Поверить в это было нелегко. Никита Антонович спустился с сеновала, взял косу, и хотя в Десятинах уже все было скошено, ушел туда, чтобы наедине с собой пережить первый приступ большого горя.

Утром Роман, готовый в дорогу, напрасно дожидался отца, который накануне хотел проводить его на станцию. Когда далеко-далеко раздался гудок поезда и ждать уже было нельзя, Роман, попрощавшись, ушел один.

У крыльца долго стояли Алик и дед Василий, глядя ему вслед. Он только что шутливо простился с ними и ушел, помахивая легким чемоданчиком, а они так и остались под накрапывающим дождем — худенький мальчик в выгоревшей майке и дряхлый старик в обвисших солдатских штанах.

...

Гроза

В сенном сарае вдовы Матрены поселились охотники. Двое из них уже не раз ночевали в окрестных деревнях и были людьми известными. Про одного — Антона Кашеедова — знали, что он работает директором мелкой фабричонки, делающей не то веревки, не то рогожи, любит выпить, а выпив, поет одну и ту же песню: "Средь высоких хлебов затерялося небогатое наше село…"

Был это мужчина крупный, сильный, с энергичными жестами, громким голосом, и когда шел по деревне в чавкающих сапогах, обвешанный битыми утками, и глядел из-под нависших бровей выпуклыми глазами, то чувствовалось в нем что-то непобедимо-здоровое, земное, первобытное.

Другой охотник — Павел Кузьмич — принадлежал к тем незаметным людям, которые в присутствии человека с такой внушительной осанкой, как у Кашеедова, вовсе расплываются и исчезают. Трудно было определить, сколько ему лет. Когда он зарастал на охоте рыжеватой кустистой щетиной, то выглядел весьма уже потрепанным жизнью, но стоило ему побриться, причесаться, скинуть намокшее рванье, приспособленное для лазания по болотам, и одеться в сухой костюм, как он начинал казаться совсем молодым и полным сил. И фамилия у него была какая-то неуловимая для памяти — Замков, Зевков, Зетков…

Кашеедов явно помыкал им.

— Вот что, Кузьмич, — говорил он голосом, в котором звучала уверенность, что к нему прислушаются, — надоело сухоедением заниматься.

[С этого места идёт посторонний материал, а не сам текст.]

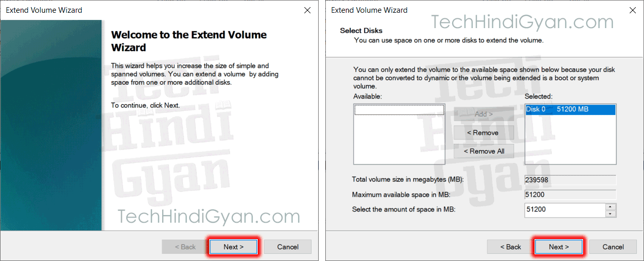 ● अब इसके बाद Select Disk का पेज open होगा, जिसमे by default deleted disk selected होती हैं।
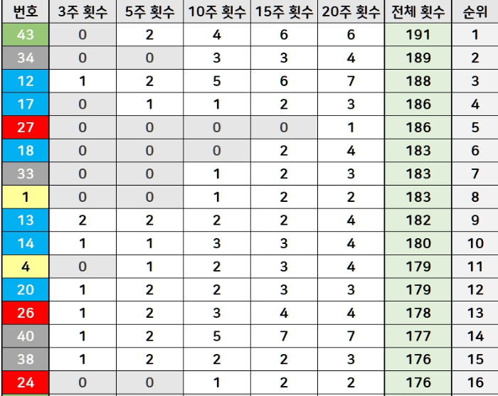 역대 당첨 횟수를 기준으로 조사한 자료입니다. 상위권에 있는 번호들은 로또 예상번호 후보로 사용하기 좋은 자격을 갖추고 있습니다.
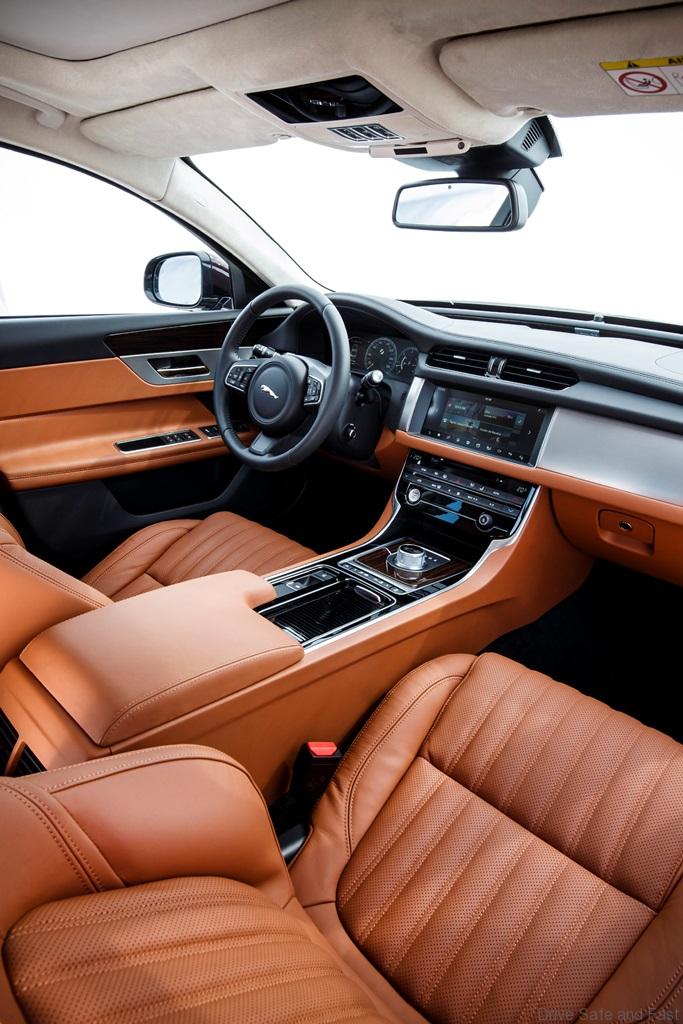 The all-new XF is 4,954mm long: at 2,960 the wheelbase is 51mm longer than before, the front overhang 66mm shorter. Though 7mm shorter and 3mm lower than the original XF, rear seat space is class-leading thanks to 15mm more legroom, 24mm more kneeroom and up to 27mm more headroom than before. Aerodynamics are also superior: the drag coefficient drops from 0.29 to just 0.26.
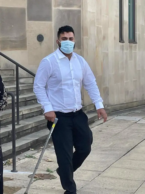 He appeared at Bolton Crown Court with a crutch as he pleaded guilty to possession of an offensive weapon.
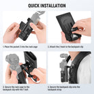 - Quick Installation- The backpack clip features a touch fastener design for effortless attachment to your backpack strap and quick release. Simply place your Pocket 3 into the camera bracket cage, then secure it onto the backpack clip using the J hook buckle mount and T bolt. The buckle mount allows for tilting up and down for versatile shooting angles
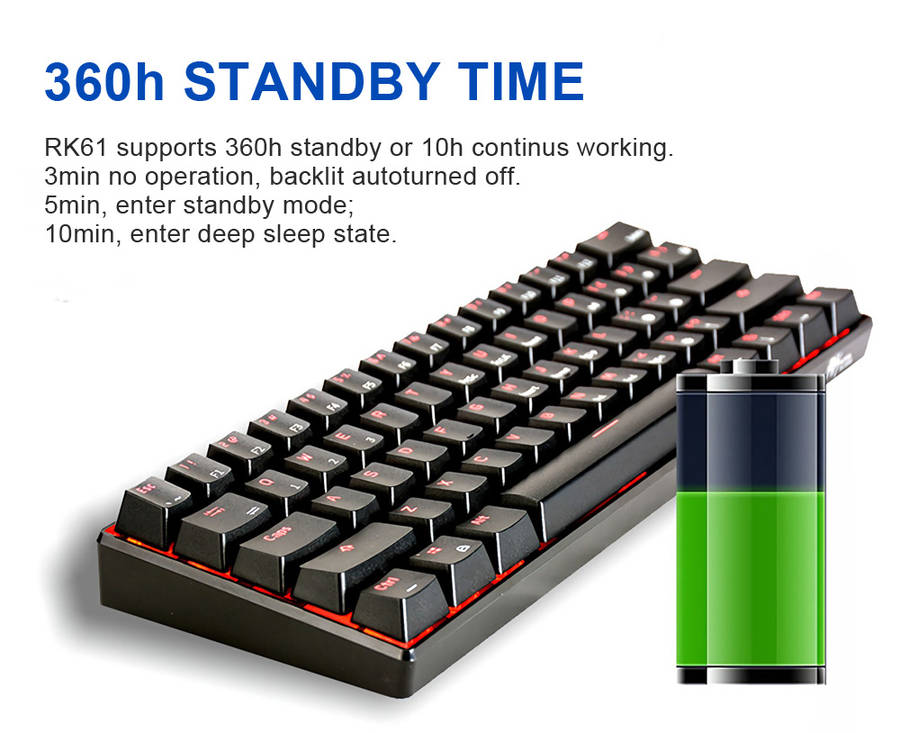 1. Brand: Royal Kludge (RK) 2. Model: RK61 RGB Version 3. Color: Black, White 4. Material: ABS 5. Switch: RK Brown Switch, Red Switch, Blue Switch (Note: RK61 have many versions with different brand switch, and this product link sells the RK switch version.) 6. Connection: bluetooth + USB Wired Dual Mode 7. Layout: 61 Keys 60% Keyboard Layout 8. Backlit: RGB Backlit 9. Dimension: 290 * 100 * 35mm
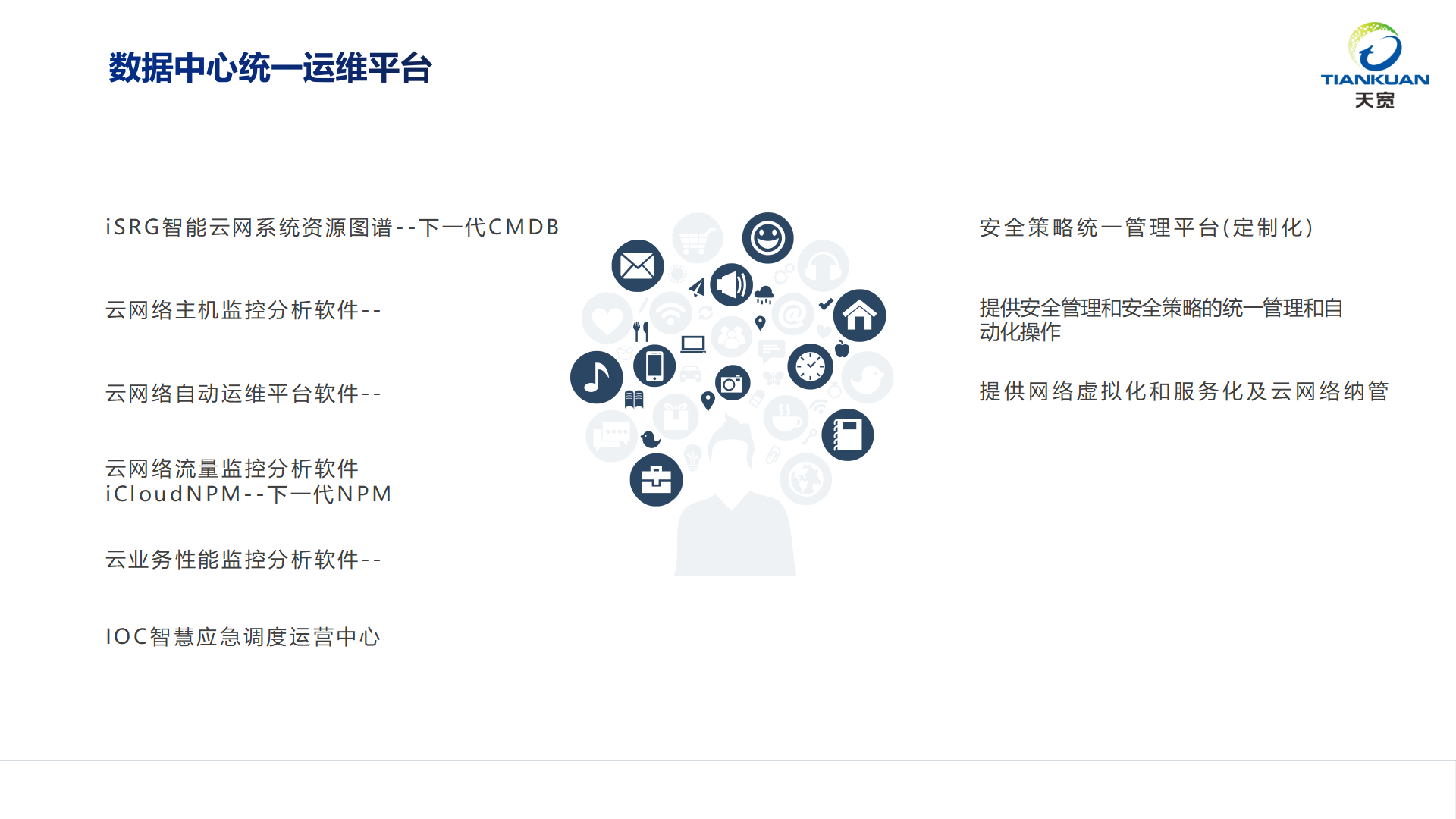 數(shù)據(jù)中心統(tǒng)一運維平臺是基于Snowburger 數(shù)字化運維平臺構(gòu)建的云網(wǎng)監(jiān)控/一體數(shù)據(jù)中心運維平臺,包括:云網(wǎng)監(jiān)控平臺、云網(wǎng)流量性能監(jiān)控系統(tǒng)、虛擬資源監(jiān)控調(diào)度平臺、運維可視化前臺及應用,支持云網(wǎng)的多層、分層、虛擬化資源(SDN)、策略和云網(wǎng)協(xié)議及拓撲,可對接多云和PaaS服務平臺,支持提供混合云虛擬資源的全生命周期管理和彈性伸縮部署,實現(xiàn)云網(wǎng)和傳統(tǒng)IT基礎設施,業(yè)務和軟件系統(tǒng)的統(tǒng)一運維和管理。

Щипли дичь, будем варить.

И пока он, оглашая местность мощным храпом, спал где-нибудь под стогом или под кустом, Павел Кузьмич щипал дичь, варил суп, кипятил чай.

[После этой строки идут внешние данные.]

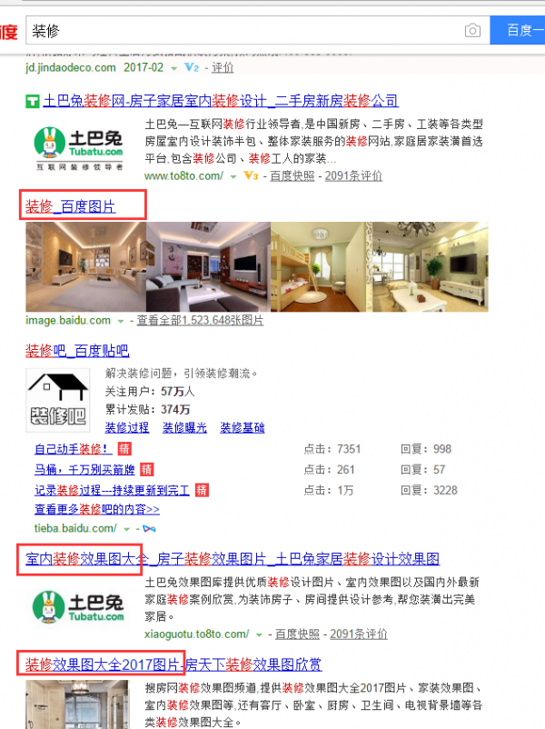 其實網站包含核心詞是沒有問題的,但關鍵是我們怎么在包含核心詞的同時還能讓標題合理、舒暢,同時滿足用戶和搜索引擎的需求,這說起來容易,做起來還是需要一定的練習和實踐經驗的。 首先,我們要知道的是,我們寫標題是為了給用戶看的,用戶在搜索相關的關鍵詞時,我們的網站標題能夠展示出用戶迫切需要的東西才是一個好標題最重要的部分。這里我拿裝修行業來舉個例子,熟悉這個行業的朋友都知道,在百度上搜索裝修這兩個字的人有很大一部分都是想看效果圖的,用戶也許不會直接在搜索引擎中輸入成都裝修效果圖”,但是我們一定要清楚用戶想要看的是什么。我們在成都裝修”一詞的搜索結果中也能清楚的看到這一點,幾乎排在百度首頁的所有網站標題中都會有成都效果圖”這一點。
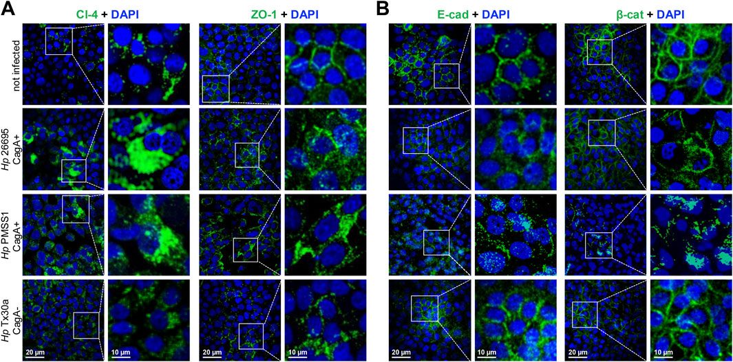 Figure 4. Localization of TJ and AJ proteins in BxPC-3 cells infected by H. pylori. Pancreatic cells were infected with different bacterial strains during 24 h and then processed using immunofluorescence assays, with specific antibodies against TJ (A) and AJ (B) proteins. Nuclei were counterstained with DAPI. Selected regions are shown at higher magnification in the right panels.

В этот раз с ними был еще какой-то человек лет тридцати пяти, высокий, стройный, с красивым матовым лицом, который приехал, очевидно, не ради охоты, потому что и одет был не по-охотничьи и ружья не привез с собой, а вместо него носил на ремне через плечо плоский фанерный ящик неизвестного назначения.

Юркая, с хитренькой улыбочкой на тонких губах старуха Матрена, у которой они сняли сарай, хотя и знала двоих из них, но все же, имея предубеждение к чужим людям, спросила:

— А справка есть?

— Ха! Какая тебе еще справка? — удивился Кашеедов.

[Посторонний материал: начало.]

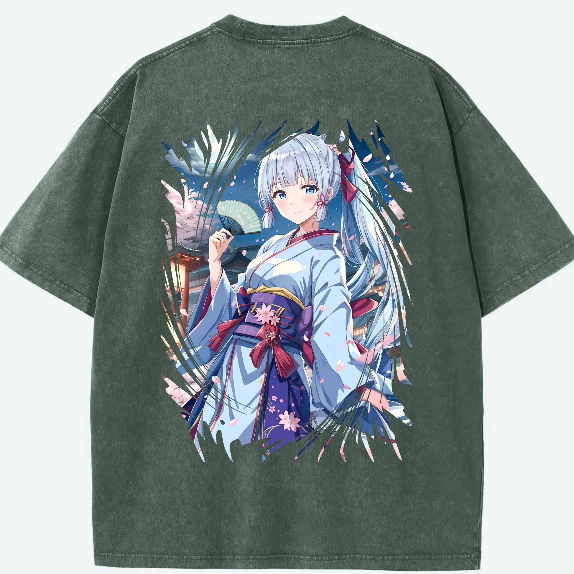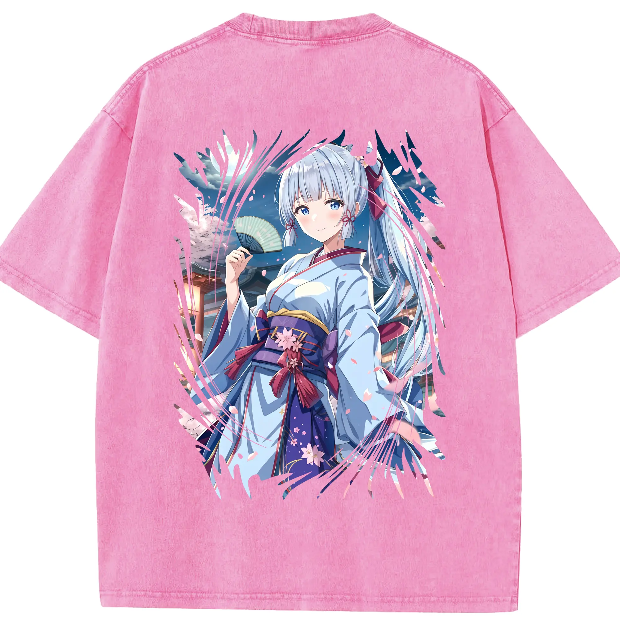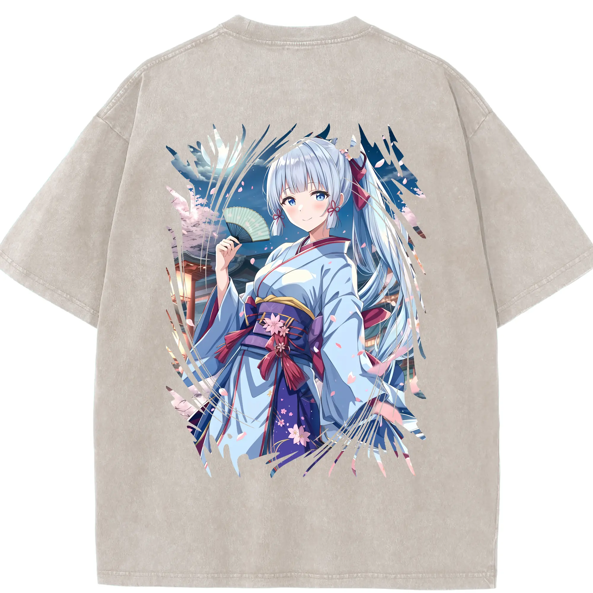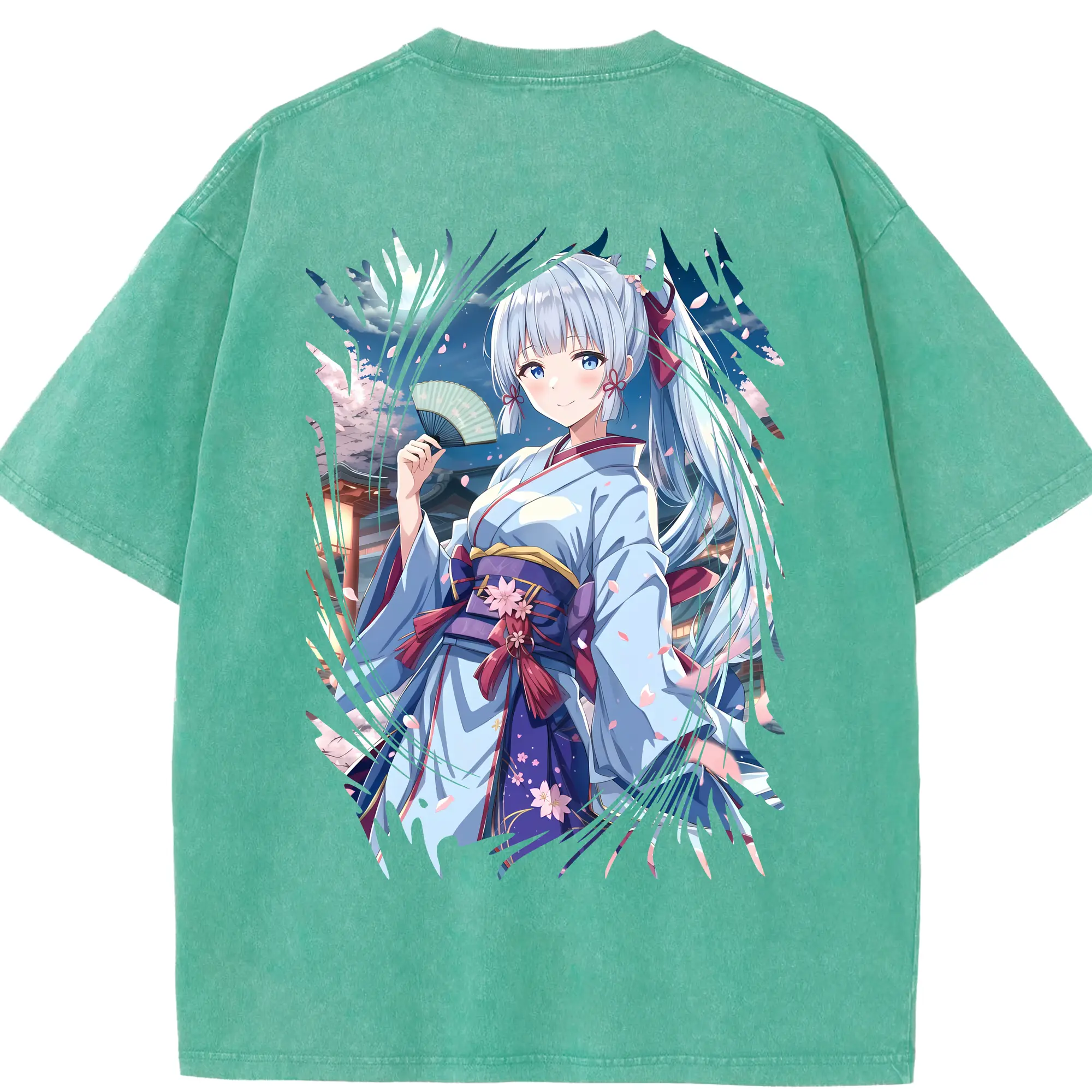 原 神 グッズ 神里綾華 - 綿100% ヴィンテージ風 半袖Tシャツ ・ フロントプリント ・ 柔らか肌触り ・ 通気性 快適 ・ スポーツ カジュアル 外出用

— А какая ни на есть: из сельсовета или от председателя колхоза.

— На вот, смотри, — протянул ей Кашеедов свой охотничий билет.

Старуха долго читала его, шевеля тонкими бесцветными губами, потом вздохнула и сказала:

— Годится.

Через четверть часа охотники уже возились в сарае, благоустраивая свое временное жилище, а Иван Аркадьевич Лопухов — так звали третьего — сидел перед дверью на обрубке бревна и, склонив набок свою красивую лохматую голову, смотрел вдаль. С бугра, на котором располагалась деревня, была видна вся заречная пойма с гривами, лугами, синими впадинами озер и темной полосой елового леса на горизонте, а ближе сверкал широкий речной плёс, и даже издали был слышен тихий, баюкающий плеск полуденной воды.

— Даже не верится, что может быть так хорошо, — громко сказал Лопухов. Ты знаешь, Паша, когда я вижу что-нибудь подобное, мне становится стыдно за искусство, за его бессилие изобразить жизнь во всей ее полноте — с ее звуками, запахами, цветами, формами… А человек? У него есть такие неуловимые настроения, перед которыми искусство пасует уже совершенно. Их не выразишь ни словом, ни красками, ни в музыке. Впрочем, мне кажется, что музыка не выражает настроение, а сама создает его.

Он помолчал, очевидно готовясь выслушать мнение Павла Кузьмича или Кашеедова на этот счет, но те не ответили.

— Вам помочь, друзья? — спросил Лопухов немного погодя.

— Тесно здесь, сиди, — сказал Павел Кузьмич, выглядывая из сарая.

— Хотя, может быть, не нужны даже и попытки уловить неуловимое, — продолжал Лопухов. — Ведь эти настроения преходящи, и не они составляют основу человеческого характера, а для искусства важно изобразить именно характер. Что скажешь, Паша?